DATASET SECTION
────────────────────────────────────────

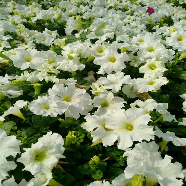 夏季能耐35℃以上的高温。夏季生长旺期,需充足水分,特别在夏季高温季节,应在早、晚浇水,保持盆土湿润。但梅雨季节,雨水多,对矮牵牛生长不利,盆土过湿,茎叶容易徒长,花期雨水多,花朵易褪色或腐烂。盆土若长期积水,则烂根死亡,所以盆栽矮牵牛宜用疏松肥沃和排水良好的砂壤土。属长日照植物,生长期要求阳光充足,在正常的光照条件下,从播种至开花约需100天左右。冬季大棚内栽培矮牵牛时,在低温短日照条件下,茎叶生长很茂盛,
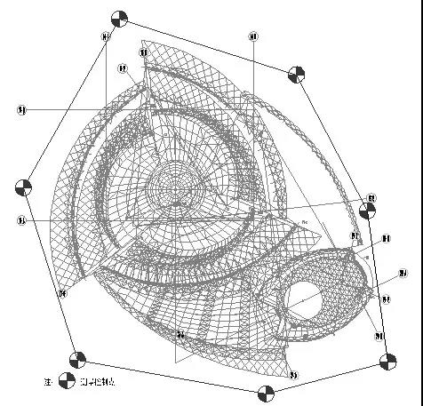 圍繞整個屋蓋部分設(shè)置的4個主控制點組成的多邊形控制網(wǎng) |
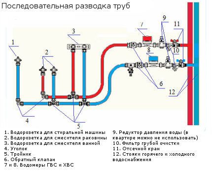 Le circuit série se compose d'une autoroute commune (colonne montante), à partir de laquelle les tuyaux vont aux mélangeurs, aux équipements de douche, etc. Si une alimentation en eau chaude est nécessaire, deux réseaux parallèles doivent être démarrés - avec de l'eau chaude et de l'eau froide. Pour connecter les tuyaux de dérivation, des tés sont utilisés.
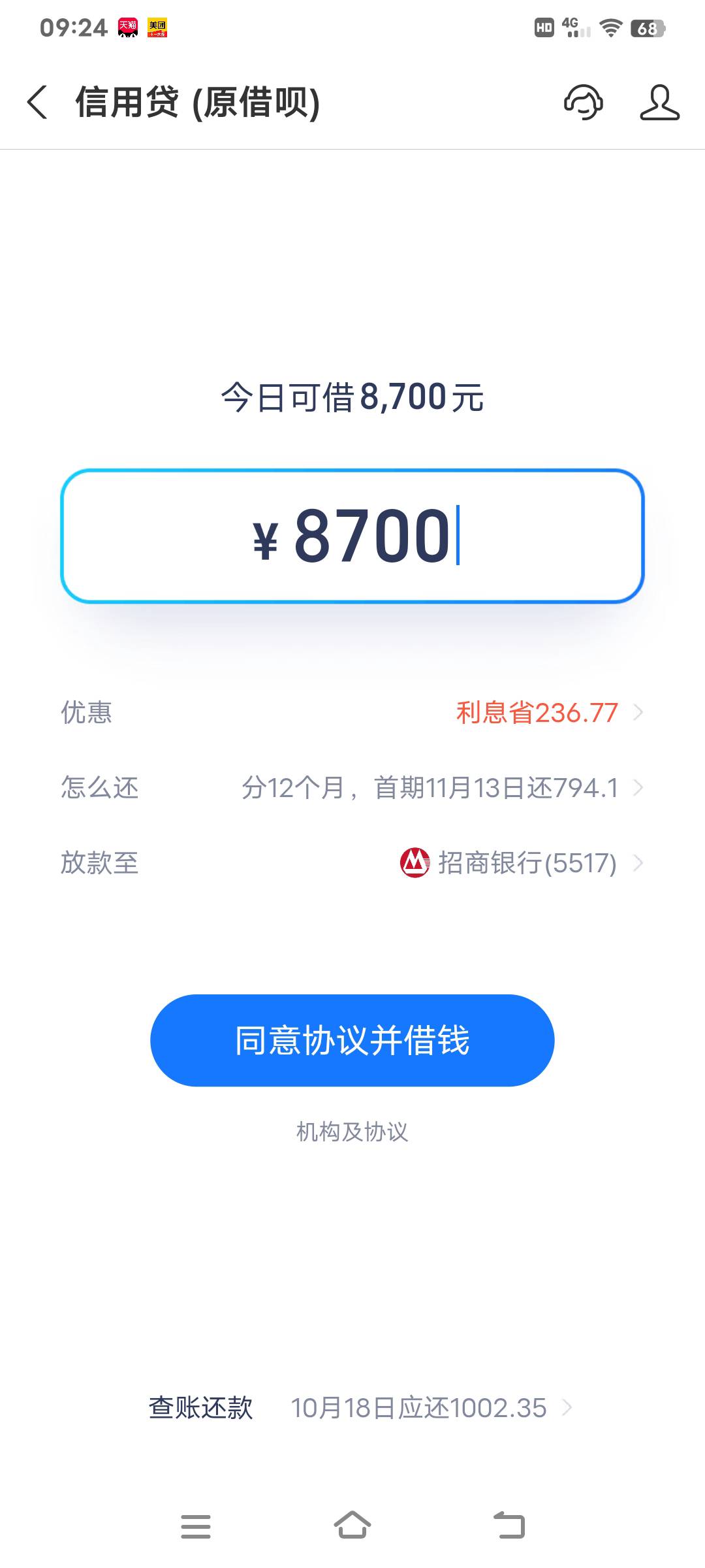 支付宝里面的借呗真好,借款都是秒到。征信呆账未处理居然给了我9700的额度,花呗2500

────────────────────────────────────────

YOUR ASSIGNMENT
Copy each line above exactly, with no images.

OUTPUT FOR THIS EXERCISE
 夏季能耐35℃以上的高温。夏季生长旺期,需充足水分,特别在夏季高温季节,应在早、晚浇水,保持盆土湿润。但梅雨季节,雨水多,对矮牵牛生长不利,盆土过湿,茎叶容易徒长,花期雨水多,花朵易褪色或腐烂。盆土若长期积水,则烂根死亡,所以盆栽矮牵牛宜用疏松肥沃和排水良好的砂壤土。属长日照植物,生长期要求阳光充足,在正常的光照条件下,从播种至开花约需100天左右。冬季大棚内栽培矮牵牛时,在低温短日照条件下,茎叶生长很茂盛,
 圍繞整個屋蓋部分設(shè)置的4個主控制點組成的多邊形控制網(wǎng) |
 Le circuit série se compose d'une autoroute commune (colonne montante), à partir de laquelle les tuyaux vont aux mélangeurs, aux équipements de douche, etc. Si une alimentation en eau chaude est nécessaire, deux réseaux parallèles doivent être démarrés - avec de l'eau chaude et de l'eau froide. Pour connecter les tuyaux de dérivation, des tés sont utilisés.
 支付宝里面的借呗真好,借款都是秒到。征信呆账未处理居然给了我9700的额度,花呗2500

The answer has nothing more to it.